What you will do:
Copying task for the records below: reproduce each one exactly and drop the pictures.

:: Supplied records ::

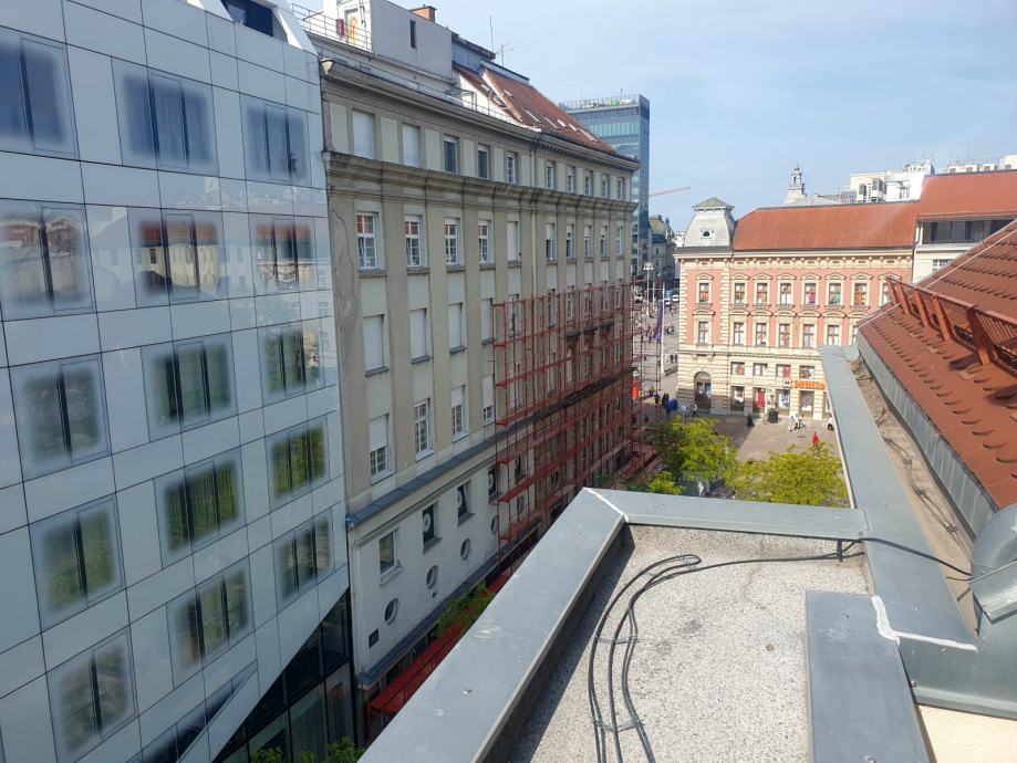 prostrane terase s pogledom na Ban centar, Europski trg i Trg bana Jelačića.
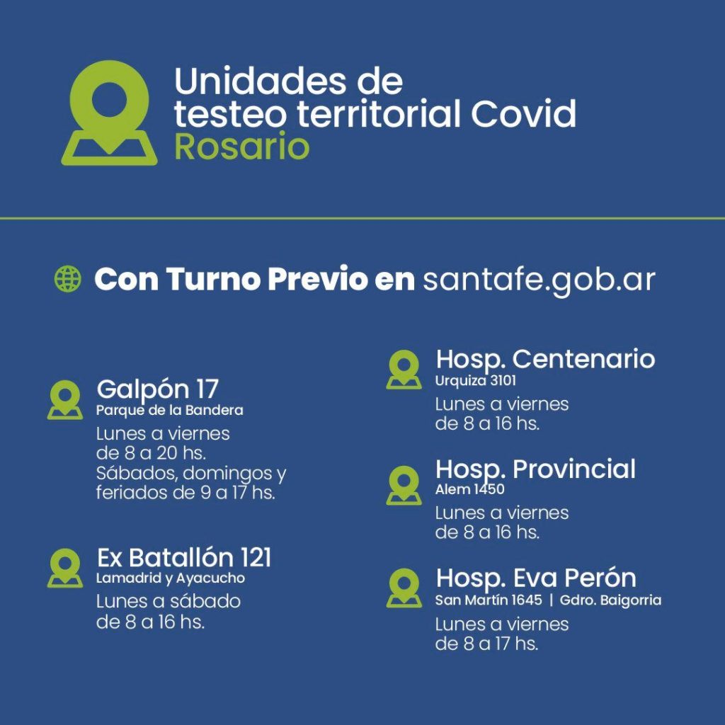 De esta manera, quienes deseen saber si poseen o no coronavirus deberán tramitar una plaza en los establecimientos disponibles a través del sitio oficial. En la página web, las oficinas que figuran son: el Galpón 17, el ex Batallón 121 y los tres hospitales: Eva Perón, Centenario y Provincial.
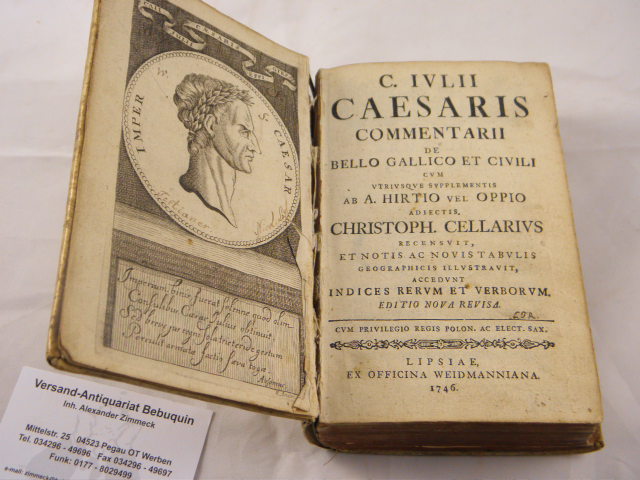 ANTIKE.– CAESAR, Gajus Julius: Commentarii de bello gallico et civili cum utriusque supplementis ab A. Hirtio vel Oppio adiectis Christophorus Cellarius recensuit, & Notis ac novis Tabulis Geographicis illustrauit, Accedunt indices rerum et verborum. Editio Nova revisa Leipzig (Weidmann), 1746. kl. 8°. 1 gest. Frontispiz, 7 Bl., 743 S., 72 nn. S. Index, 6 gefaltete Kupferstiche (Landkarten). Ldr der Zeit. Einband angeschmutzt, Marginalien von ca 1800 auf Vorsatz, vorderes Gelenk etwas gelockert, insgesamt sehr gutes Ex.
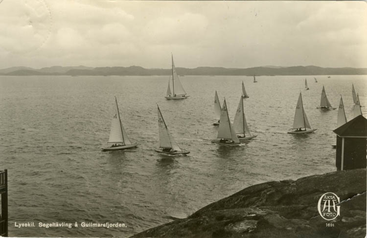 Text på kortet: "Lysekil. Segeltävling å Gullmarsfjorden".
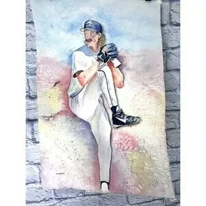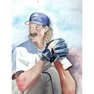 This unique piece of art is a one-of-a-kind watercolor painting signed by M.J. Devine. The artist's realistic style captures the essence of Randy Johnson, a prominent figure in Americana culture. The painting measures 22.5"T x 15"W and is unframed. The item is a single piece and was produced in 1998 using watercolor painting techniques. It features a portrait of Randy Johnson, a former baseball player for the Houston Astros. The painting is handmade and represents a contemporary period (1970-2020). The item is perfect for collectors who appreciate unique and original pieces of art.
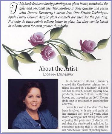 Более дюжины прекрасных проектов росписи по стеклу от художницы Донны Дьюберри. Она рассказывает о кистях и красках, которые использует в своем творчестве, о собственной технике росписи "One Stroke" (один штрих), по которой, кстати, проводит семинары и представляет на ваше обозрение свои работы.
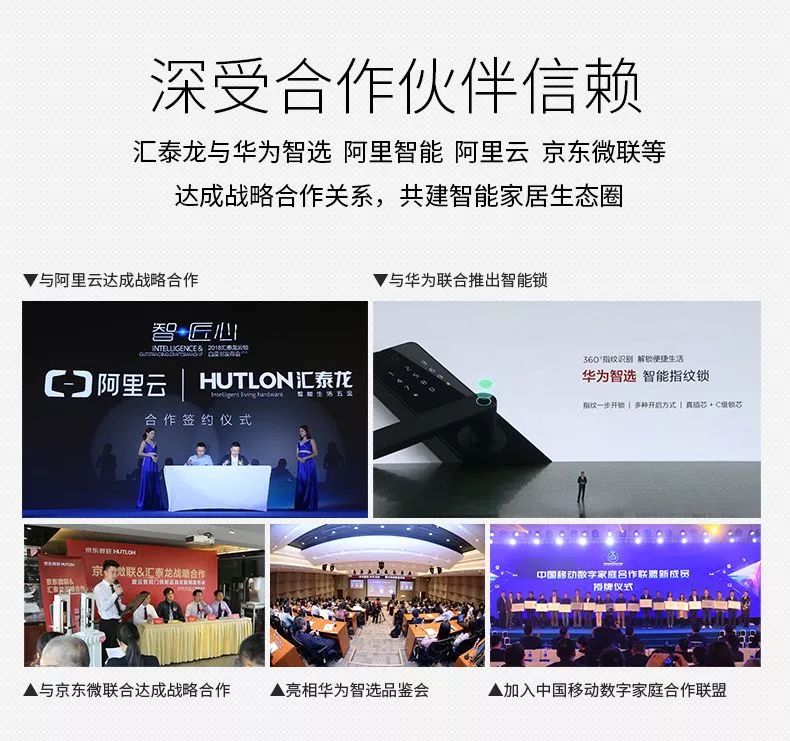 行業(yè)巨頭,精誠合作。2016年,匯泰龍?jiān)趥鹘y(tǒng)的智能門鎖基礎(chǔ)上融入了云技術(shù),率先行業(yè)推出能聯(lián)網(wǎng)、能遠(yuǎn)程監(jiān)控的匯泰龍安全云鎖,并與各大行業(yè)巨頭達(dá)成戰(zhàn)略合作。
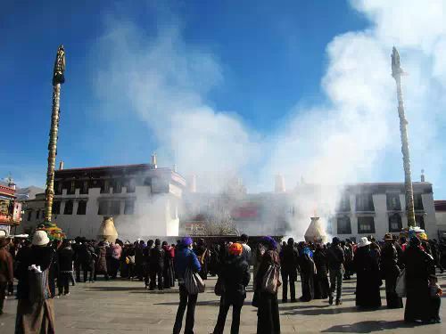 大昭寺外身着藏装的藏族群众,图片来源@网络
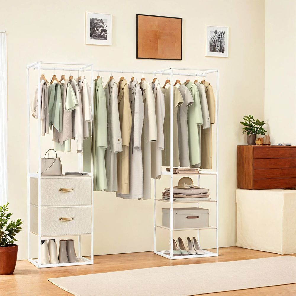 Με 2 σταθερές ράγες ρούχων, 1 επεκτεινόμενη ράγα ρούχων, 2 υφασμάτινα συρτάρια και 4 ράφια, η φορητή ντουλάπα είναι κατάλληλη για πουκάμισα, μπουφάν, παντελόνια, παπούτσια, τσάντες, βαλίτσες και άλλα αξεσουάρ.
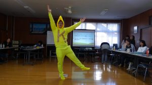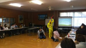 「境界線マン」が現れて、境界線がぶつかって困った場面でレッドカードをしてくれて、研修の場を盛り上げてくれました
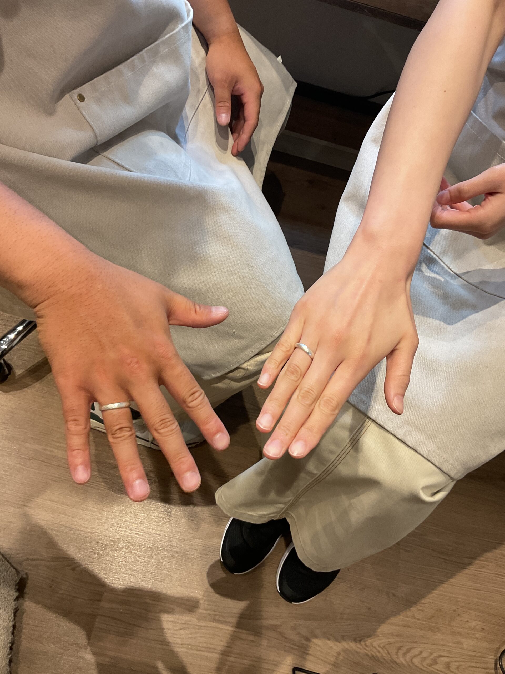 ハンマー模様をつけていただいたリングをマットに仕上げ、おふたりの味を感じられる模様のリングが完成しましたね。
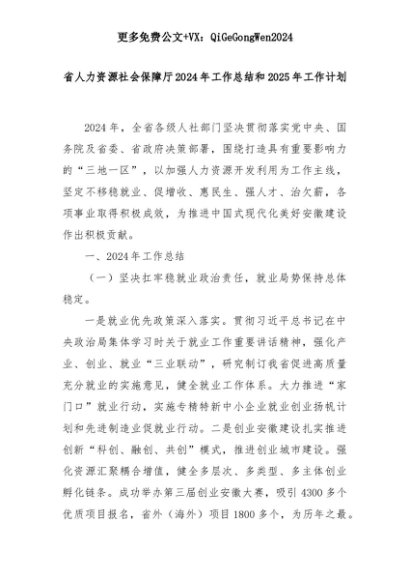 【七哥公文】2025年:省人力资源社会保障厅2024年工作总结和2025年工作计划+更多免费公文+VX:QiGeGongWen2024+更多免费公文+VX:QiGeGongWen2024
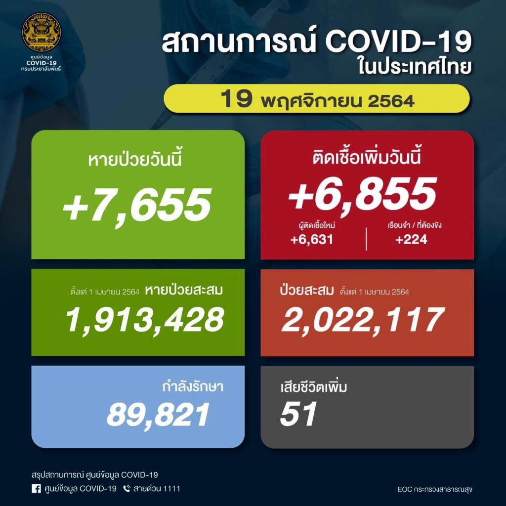 วันนี้ (19 พ.ย.) เมื่อเวลา 07.30 น. ศูนย์ปฏิบัติการภาวะฉุกเฉิน กรมควบคุมโรค กระทรวงสาธารณสุข เผยตัวเลขสถานการณ์การแพร่ระบาดของโควิด-19 ในประเทศไทย ว่า
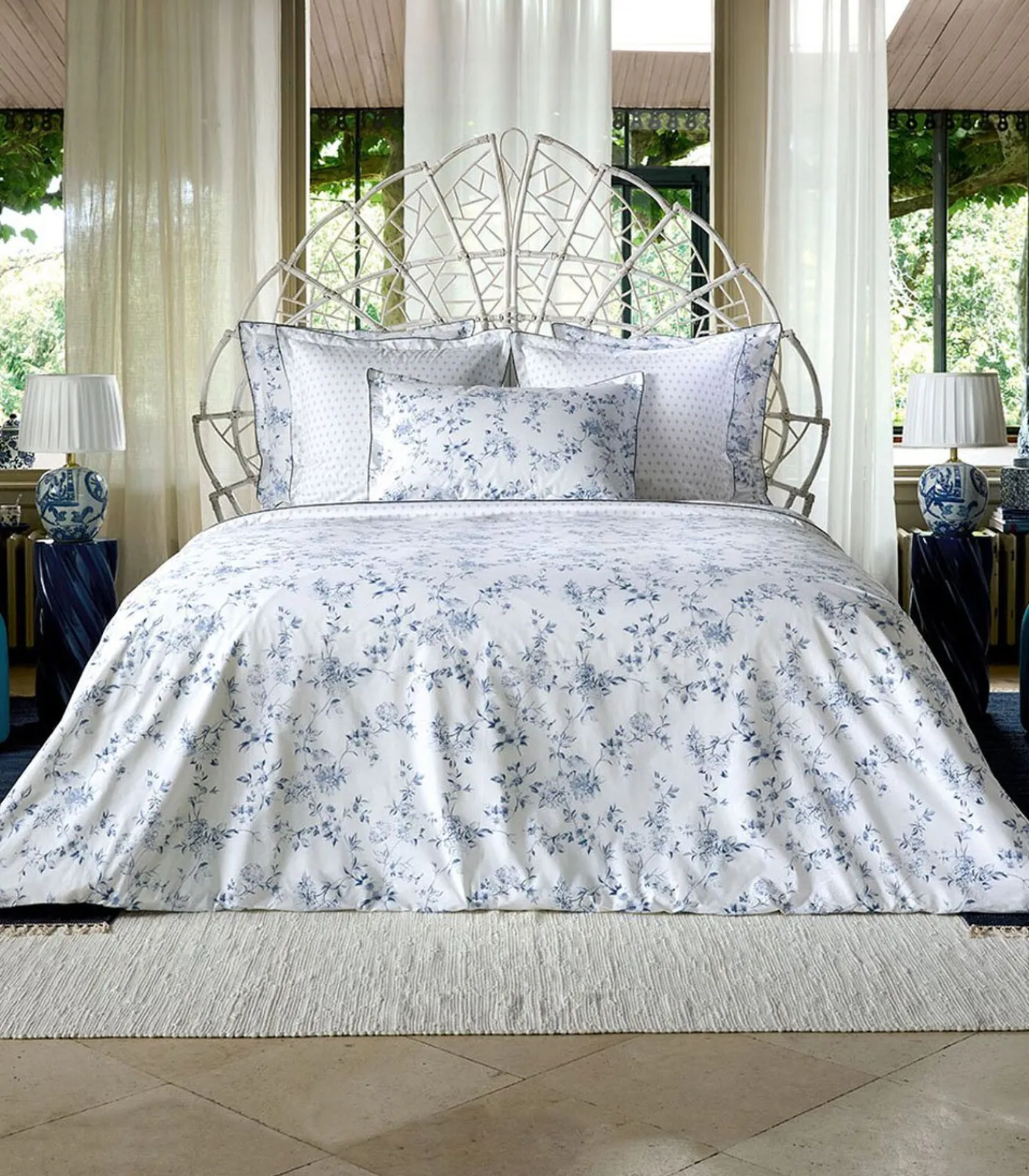 Blauwe bloemenprint op optisch witte achtergrondAchterkant met blauwe faïenceprint op optisch witte achtergrondAfwerking met flessenhals
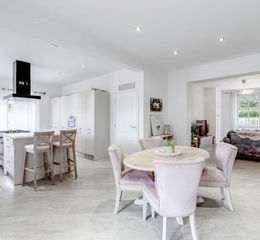 To the front, the driveway offers ample parking, including for a caravan or motorhome, and leads to the yard to the rear and to the main entrance. Step into the hallway and from there to the living room with Karndean flooring. which flows through much of the ground floor, and benefits from wood burning stove. The open plan space continues to the dining area, also with wood burning stove and patio doors to the rear, and into the kitchen comprising a range of wall and base units with central island and quartz work surfaces, range cooker, refrigerator & freezer, dishwasher and microwave.

:::

Answer for this exercise:
 prostrane terase s pogledom na Ban centar, Europski trg i Trg bana Jelačića.
 De esta manera, quienes deseen saber si poseen o no coronavirus deberán tramitar una plaza en los establecimientos disponibles a través del sitio oficial. En la página web, las oficinas que figuran son: el Galpón 17, el ex Batallón 121 y los tres hospitales: Eva Perón, Centenario y Provincial.
 ANTIKE.– CAESAR, Gajus Julius: Commentarii de bello gallico et civili cum utriusque supplementis ab A. Hirtio vel Oppio adiectis Christophorus Cellarius recensuit, & Notis ac novis Tabulis Geographicis illustrauit, Accedunt indices rerum et verborum. Editio Nova revisa Leipzig (Weidmann), 1746. kl. 8°. 1 gest. Frontispiz, 7 Bl., 743 S., 72 nn. S. Index, 6 gefaltete Kupferstiche (Landkarten). Ldr der Zeit. Einband angeschmutzt, Marginalien von ca 1800 auf Vorsatz, vorderes Gelenk etwas gelockert, insgesamt sehr gutes Ex.
 Text på kortet: "Lysekil. Segeltävling å Gullmarsfjorden".
 This unique piece of art is a one-of-a-kind watercolor painting signed by M.J. Devine. The artist's realistic style captures the essence of Randy Johnson, a prominent figure in Americana culture. The painting measures 22.5"T x 15"W and is unframed. The item is a single piece and was produced in 1998 using watercolor painting techniques. It features a portrait of Randy Johnson, a former baseball player for the Houston Astros. The painting is handmade and represents a contemporary period (1970-2020). The item is perfect for collectors who appreciate unique and original pieces of art.
 Более дюжины прекрасных проектов росписи по стеклу от художницы Донны Дьюберри. Она рассказывает о кистях и красках, которые использует в своем творчестве, о собственной технике росписи "One Stroke" (один штрих), по которой, кстати, проводит семинары и представляет на ваше обозрение свои работы.
 行業(yè)巨頭,精誠合作。2016年,匯泰龍?jiān)趥鹘y(tǒng)的智能門鎖基礎(chǔ)上融入了云技術(shù),率先行業(yè)推出能聯(lián)網(wǎng)、能遠(yuǎn)程監(jiān)控的匯泰龍安全云鎖,并與各大行業(yè)巨頭達(dá)成戰(zhàn)略合作。
 大昭寺外身着藏装的藏族群众,图片来源@网络
 Με 2 σταθερές ράγες ρούχων, 1 επεκτεινόμενη ράγα ρούχων, 2 υφασμάτινα συρτάρια και 4 ράφια, η φορητή ντουλάπα είναι κατάλληλη για πουκάμισα, μπουφάν, παντελόνια, παπούτσια, τσάντες, βαλίτσες και άλλα αξεσουάρ.
 「境界線マン」が現れて、境界線がぶつかって困った場面でレッドカードをしてくれて、研修の場を盛り上げてくれました
 ハンマー模様をつけていただいたリングをマットに仕上げ、おふたりの味を感じられる模様のリングが完成しましたね。
 【七哥公文】2025年:省人力资源社会保障厅2024年工作总结和2025年工作计划+更多免费公文+VX:QiGeGongWen2024+更多免费公文+VX:QiGeGongWen2024
 วันนี้ (19 พ.ย.) เมื่อเวลา 07.30 น. ศูนย์ปฏิบัติการภาวะฉุกเฉิน กรมควบคุมโรค กระทรวงสาธารณสุข เผยตัวเลขสถานการณ์การแพร่ระบาดของโควิด-19 ในประเทศไทย ว่า
 Blauwe bloemenprint op optisch witte achtergrondAchterkant met blauwe faïenceprint op optisch witte achtergrondAfwerking met flessenhals
 To the front, the driveway offers ample parking, including for a caravan or motorhome, and leads to the yard to the rear and to the main entrance. Step into the hallway and from there to the living room with Karndean flooring. which flows through much of the ground floor, and benefits from wood burning stove. The open plan space continues to the dining area, also with wood burning stove and patio doors to the rear, and into the kitchen comprising a range of wall and base units with central island and quartz work surfaces, range cooker, refrigerator & freezer, dishwasher and microwave.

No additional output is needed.